### Material shown
____
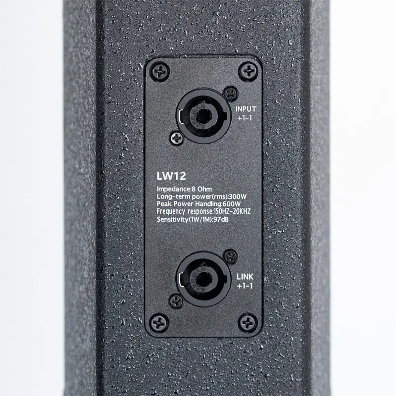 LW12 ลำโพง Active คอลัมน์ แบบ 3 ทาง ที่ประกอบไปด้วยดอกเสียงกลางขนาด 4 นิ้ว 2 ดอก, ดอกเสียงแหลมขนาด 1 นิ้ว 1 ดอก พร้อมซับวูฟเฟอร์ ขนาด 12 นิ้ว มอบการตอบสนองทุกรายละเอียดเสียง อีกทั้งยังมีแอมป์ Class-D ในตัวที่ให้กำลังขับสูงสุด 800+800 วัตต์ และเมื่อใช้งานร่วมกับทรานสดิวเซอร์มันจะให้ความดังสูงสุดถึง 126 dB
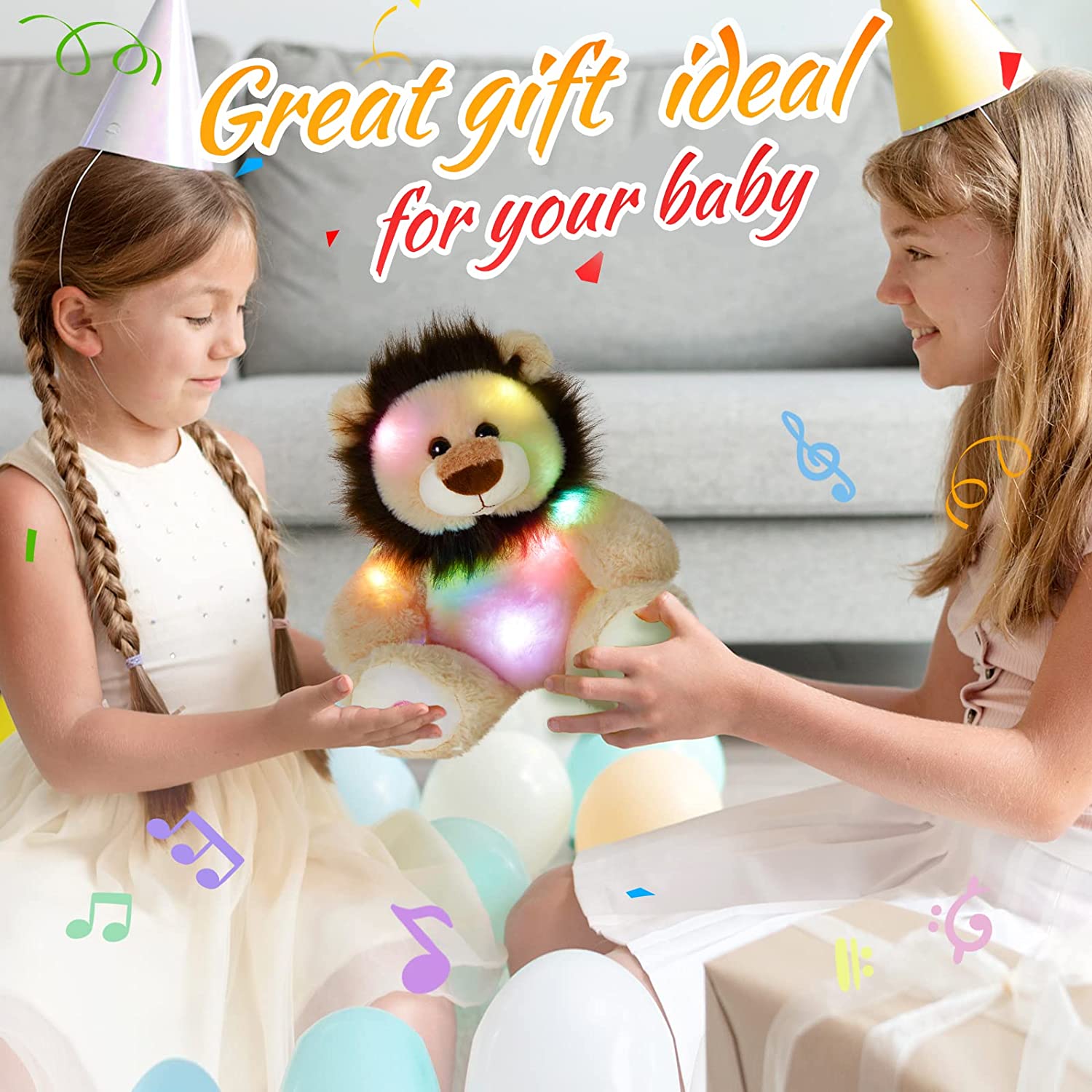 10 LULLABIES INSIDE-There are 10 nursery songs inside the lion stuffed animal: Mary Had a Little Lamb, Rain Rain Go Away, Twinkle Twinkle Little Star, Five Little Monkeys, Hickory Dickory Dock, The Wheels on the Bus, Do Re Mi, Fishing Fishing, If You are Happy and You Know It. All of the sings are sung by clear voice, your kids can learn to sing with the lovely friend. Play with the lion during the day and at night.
____
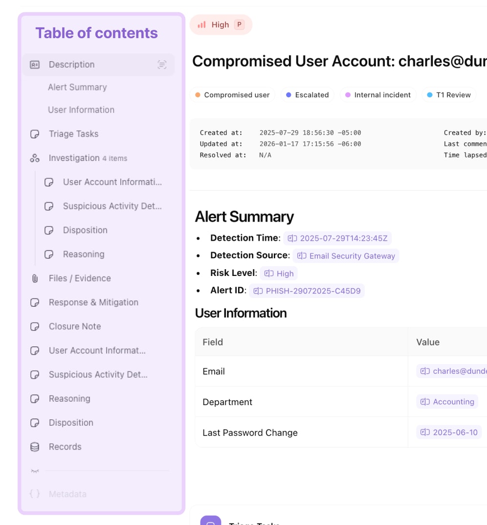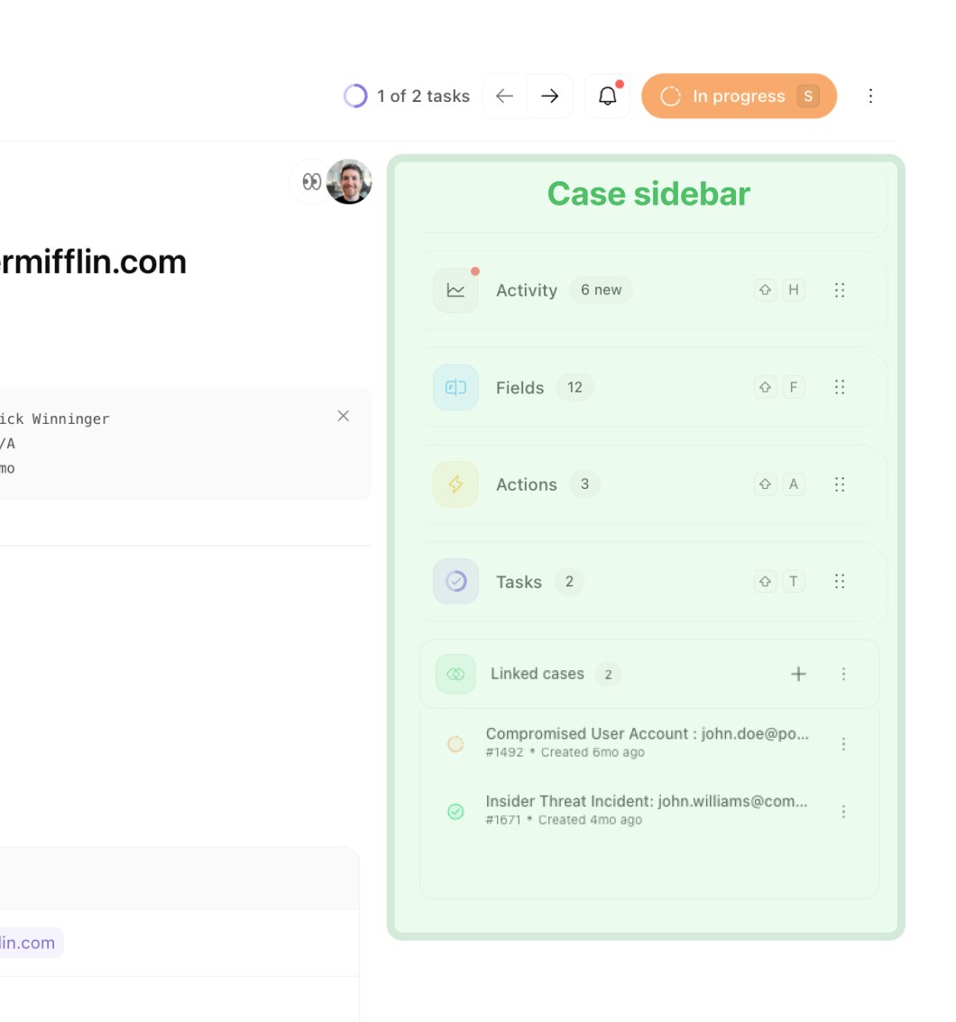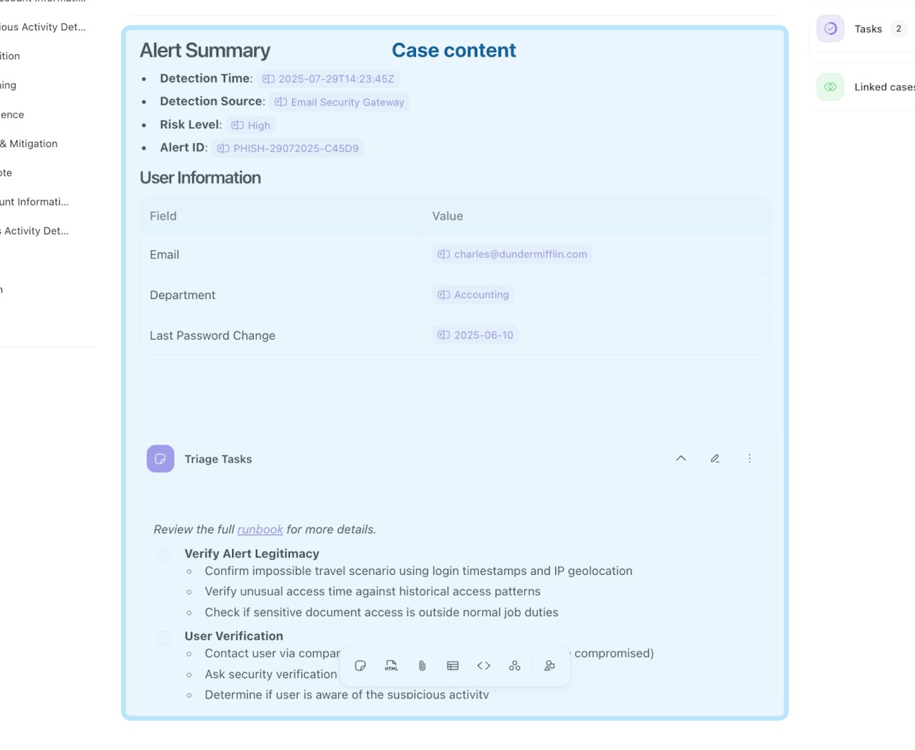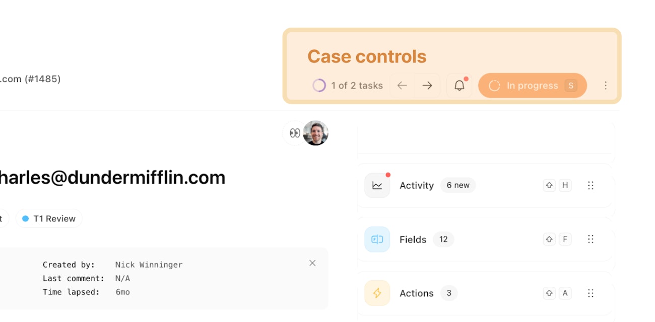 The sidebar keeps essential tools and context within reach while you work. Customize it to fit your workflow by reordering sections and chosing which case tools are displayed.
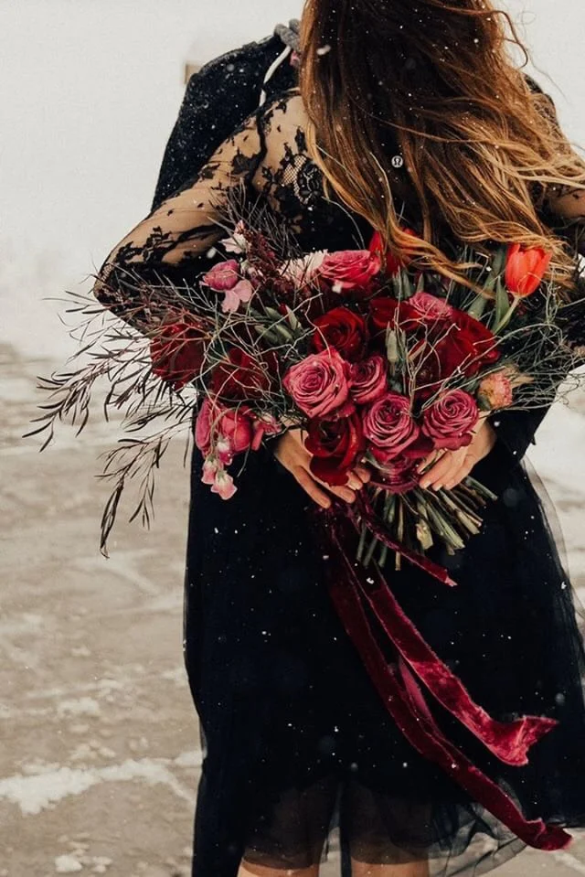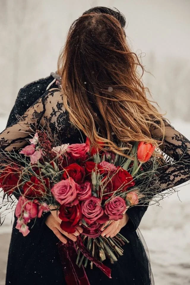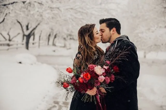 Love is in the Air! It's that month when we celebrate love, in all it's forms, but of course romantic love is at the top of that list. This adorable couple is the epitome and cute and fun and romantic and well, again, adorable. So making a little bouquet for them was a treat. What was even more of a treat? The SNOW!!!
____
### Exercise details
Repeat exactly the stretch of the listing above that starts with the line holding "LW12 ลำโพง Active" and finishes with the line holding "10 LULLABIES INSIDE-There", both included. Skip every picture.

### Solution for this task
 LW12 ลำโพง Active คอลัมน์ แบบ 3 ทาง ที่ประกอบไปด้วยดอกเสียงกลางขนาด 4 นิ้ว 2 ดอก, ดอกเสียงแหลมขนาด 1 นิ้ว 1 ดอก พร้อมซับวูฟเฟอร์ ขนาด 12 นิ้ว มอบการตอบสนองทุกรายละเอียดเสียง อีกทั้งยังมีแอมป์ Class-D ในตัวที่ให้กำลังขับสูงสุด 800+800 วัตต์ และเมื่อใช้งานร่วมกับทรานสดิวเซอร์มันจะให้ความดังสูงสุดถึง 126 dB
 10 LULLABIES INSIDE-There are 10 nursery songs inside the lion stuffed animal: Mary Had a Little Lamb, Rain Rain Go Away, Twinkle Twinkle Little Star, Five Little Monkeys, Hickory Dickory Dock, The Wheels on the Bus, Do Re Mi, Fishing Fishing, If You are Happy and You Know It. All of the sings are sung by clear voice, your kids can learn to sing with the lovely friend. Play with the lion during the day and at night.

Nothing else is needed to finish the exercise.